Sure it does. Numpy arrays for example can be equivalent, but override __eq__ to do their own thing that means that a == b isn't a valid equivalency check. Sometimes you may want to set eq=False to fallback to identity checks for equality, since the builtin dataclass comparison function would error:

In [1]: import dataclasses

In [2]: import numpy as np

In [3]: @dataclasses.dataclass
   ...: class Add:
   ...:     x: np.ndarray
   ...:     y: np.ndarray
   ...: 

In [4]: op1 = Add(np.array([1, 2]), np.array([3, 4]))

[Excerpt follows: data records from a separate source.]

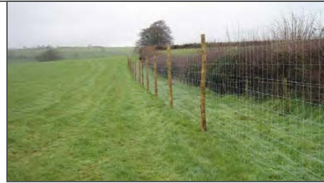
Inset - Typical Fence Style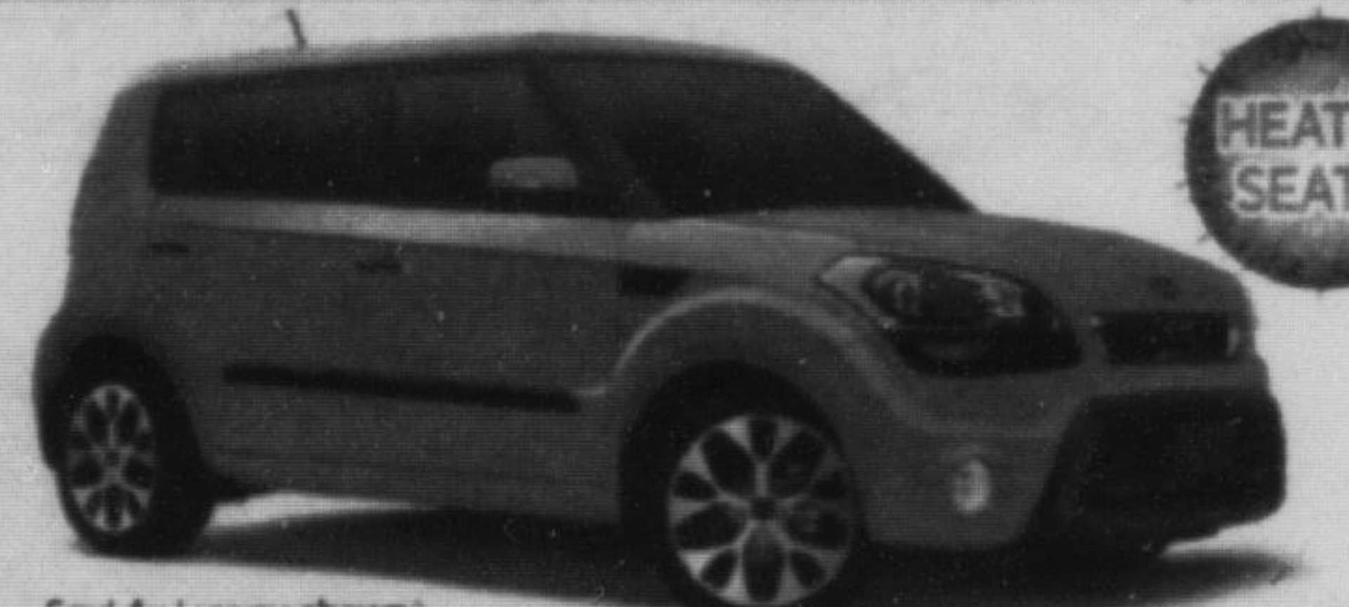
Soul 4u Luxury shown*

bi-weekly for 60 months, amortized over 84 months with $0 DOWN PAYMENT . Offer includes delivery, destination, fees, $900 *6 BI-WEEKLY PAYMENTS ON USE* SAVINGS* and $500 CLEAROUT BONUS* . Offer based on 2013 Rio 4-door LX MT with a purchase price of $15,783.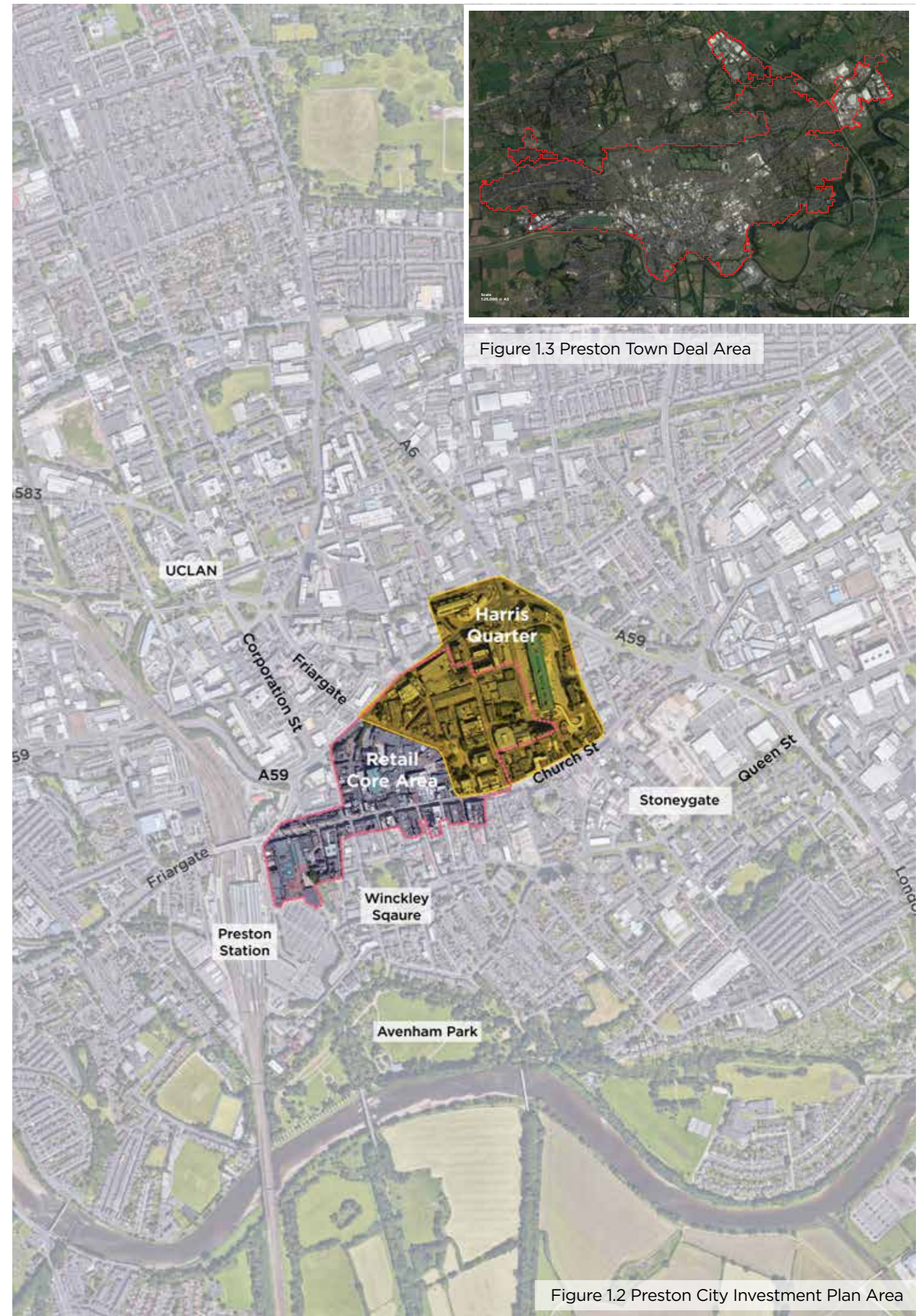
Figure 1.3 Preston Town Deal Area

In [5]: op2 = Add(np.array([1, 2]), np.array([3, 4]))

In [6]: op1 == op2
---------------------------------------------------------------------------
ValueError                                Traceback (most recent call last)
<ipython-input-6-b6827372ab5d> in <module>
----> 1 op1 == op2

<string> in __eq__(self, other)

ValueError: The truth value of an array with more than one element is ambiguous. Use a.any() or a.all()

foo(x1) == foo(x2) may be related to bool(x1 == x2), but one doesn't imply the other (in either direction). Some objects don't even compare equal to themselves!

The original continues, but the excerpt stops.